● **The task**:
Please copy exactly the lines from the first in the records through the line that contains "A wonderful pair", but not the pictures.

::::

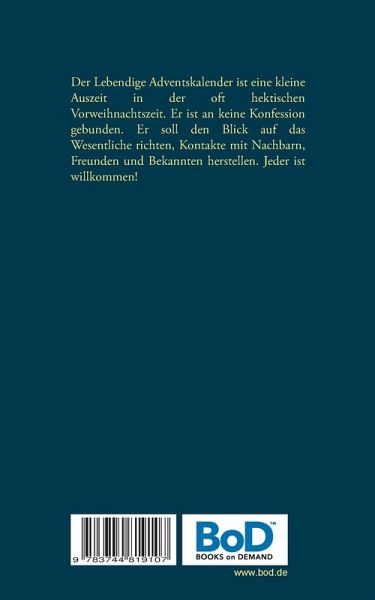 Der Lebendige Adventskalender ist eine kleine Auszeit in der oft hektischen Vorweihnachtszeit. Er ist an keine Konfession gebunden. Er soll den Blick auf das Wesentliche richten, Kontakte mit Nachbarn, Freunden und Bekannten herstellen. Jeder ist willkommen!
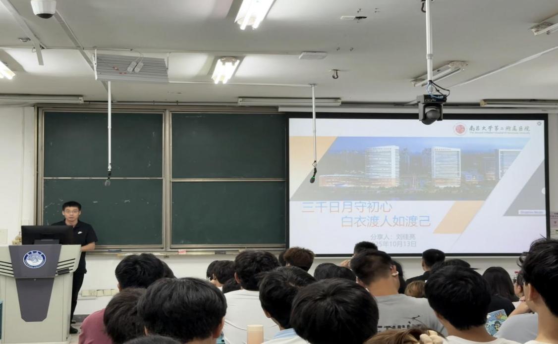 10月13日晚,护理学院“南护菁谈”系列活动之“天使讲坛”在前湖南院第一教学大楼302教室成功举办。本次活动特邀南昌大学第二附属医院三位优秀校友——护理部副主任方亮、呼吸监护室护士长周极新、内镜室主管护师刘佳亮重返母校,结合自身成长经历与职业感悟,为在场师生带来了一场兼具专业深度与情感温度的精彩分享。现场座无虚席,互动气氛热烈。
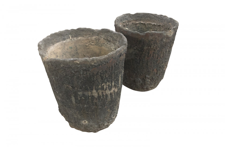 A wonderful pair of earlier 20th century French Foundry Pots - Creusets. Fabulous as jardinieres or planters. Perfect for any interior or garden. A crucible was made from a material with a much higher melting point than what was going to be melted in it. The pots absorb some of that material resulting in terrific texture and patina.
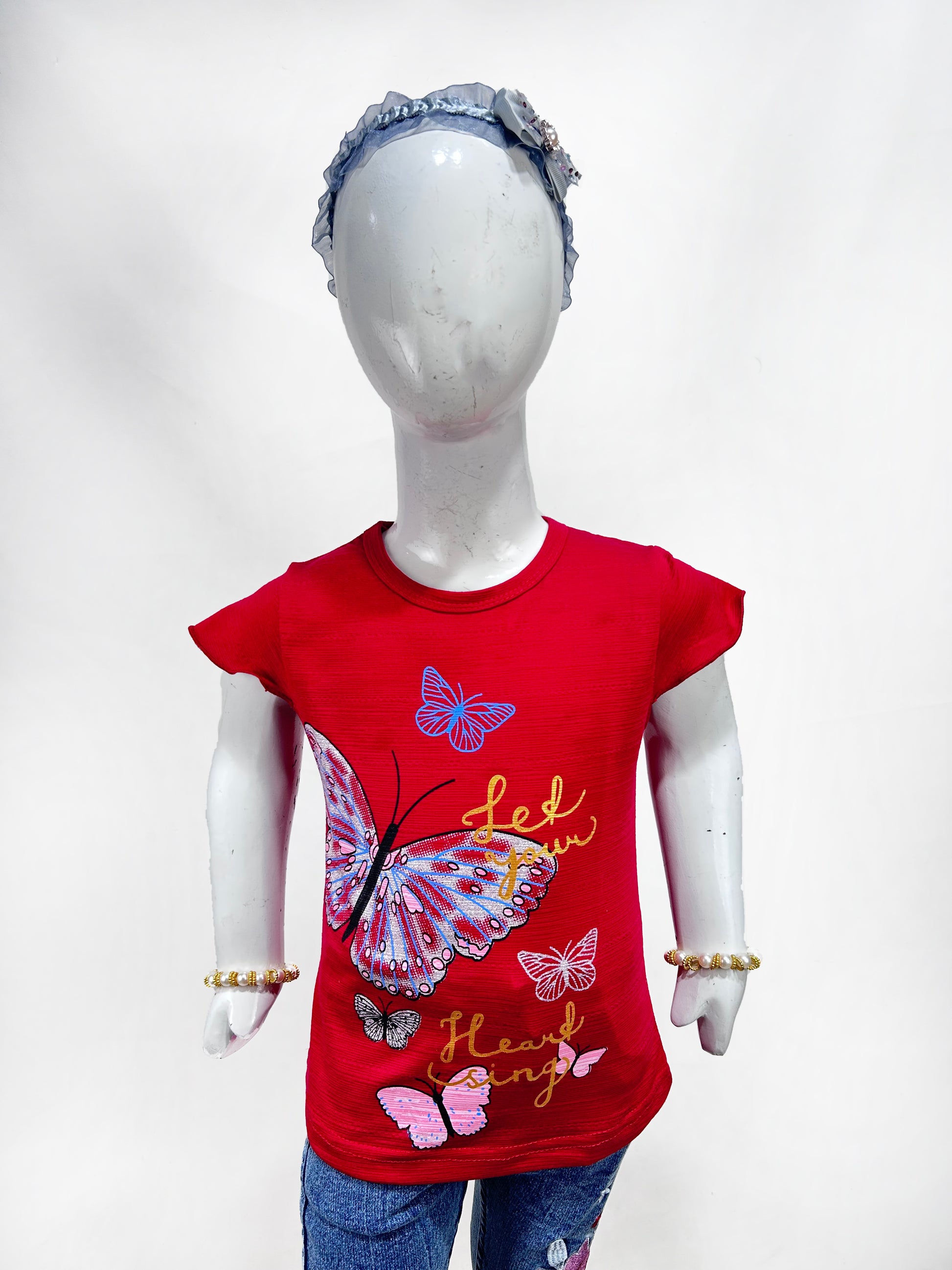 2.5Yrs - 7Yrs SK Betterfly Red T-Shirt For Girls GTS67
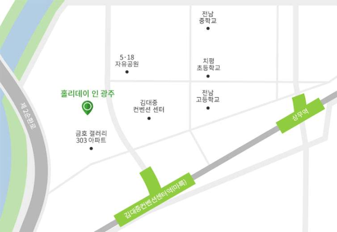 홀리데이인 광주 (광주광역시 서구 상무누리로 55) ![]() ![]() ![]() ![]() 한국전기연구원 스마트그리드본부(광주광역시 남구 도시첨단산업로 27) ![]() |
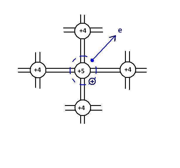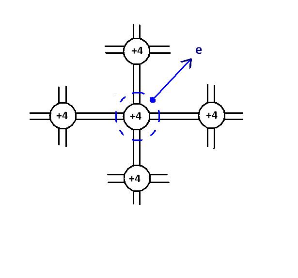 При замещении атома германия атомом трехвалентного вещества (индий, галлий, алюминий) его электроны вступят в ковалентную связь с тремя соседними атомами германия, а связи с четвертым атомом германия будут отсутствовать, так как у индия нет четвертого электрона.
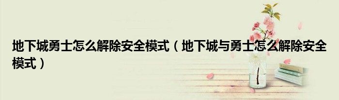 地下城勇士怎么解除安全模式(地下城与勇士怎么解除安全模式)
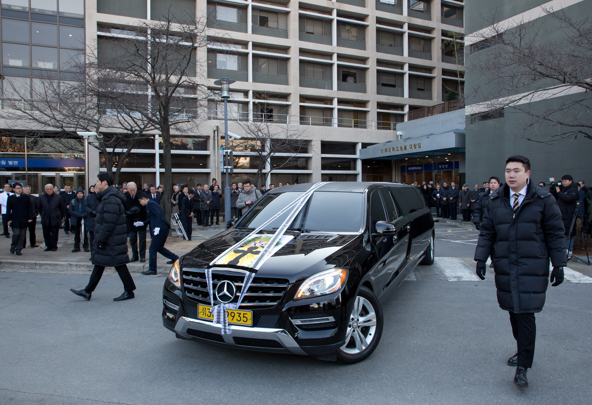 [eoimage=수원] 임준선 기자 = 故 김우중 전 대우그룹 회장의 발인이 엄수된 12일 오전 경기 수원시 아주대병원 별관 대강당에서 고인의 운구차량이 출발 준비를 하고 있다. 2019.12. 12 .eomaster@eoimage.com
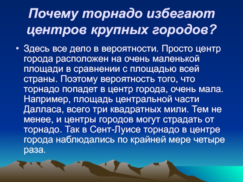 центр города расположен на очень маленькой площади в сравнении с площадью всей страны. Поэтому вероятность того, что торнадо попадет в центр города, очень мала. Например, площадь центральной части Далласа, всего три квадратных мили. Тем не менее, и центры городов могут страдать от торнадо. Так в Сент-Луисе торнадо в центре города наблюдались по крайней мере четыре раза.
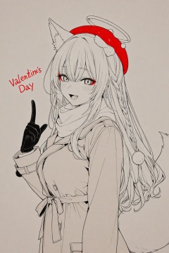 masterpiece, high detail, best quality, long_hair, monochrome, cue!, pom_pom_\(clothes\), beret, lips, blue_eyes, yomine_miharu, short_hair, earrings, bow, fox_girl, fox_tail, scarf, sidelocks, animal_ear_fluff, closed_mouth, two-tone_scarf, index_finger_raised, hair_between_eyes, coat, upper_body, yellow_scarf, bangs, white_background, large_breasts, spot_color, long_sleeves, black_gloves, halo, smile, greyscale, braid, breasts, pointing, brown_hair, skin_fang, blush, fox_ears, solo, makeup, red_eyeshadow, open_mouth, looking_at_viewer, eyeshadow, from_side, english_text, animal_ears, hat, jewelry, 1girl, red_hat, hair_ornament, shop, tail, shirako_miso, lineart, pom_pom_hair_ornament, gloves, brown_coat, valentine, official_art, fang, simple_background

::::

● **Answer to this problem**:
 Der Lebendige Adventskalender ist eine kleine Auszeit in der oft hektischen Vorweihnachtszeit. Er ist an keine Konfession gebunden. Er soll den Blick auf das Wesentliche richten, Kontakte mit Nachbarn, Freunden und Bekannten herstellen. Jeder ist willkommen!
 10月13日晚,护理学院“南护菁谈”系列活动之“天使讲坛”在前湖南院第一教学大楼302教室成功举办。本次活动特邀南昌大学第二附属医院三位优秀校友——护理部副主任方亮、呼吸监护室护士长周极新、内镜室主管护师刘佳亮重返母校,结合自身成长经历与职业感悟,为在场师生带来了一场兼具专业深度与情感温度的精彩分享。现场座无虚席,互动气氛热烈。
 A wonderful pair of earlier 20th century French Foundry Pots - Creusets. Fabulous as jardinieres or planters. Perfect for any interior or garden. A crucible was made from a material with a much higher melting point than what was going to be melted in it. The pots absorb some of that material resulting in terrific texture and patina.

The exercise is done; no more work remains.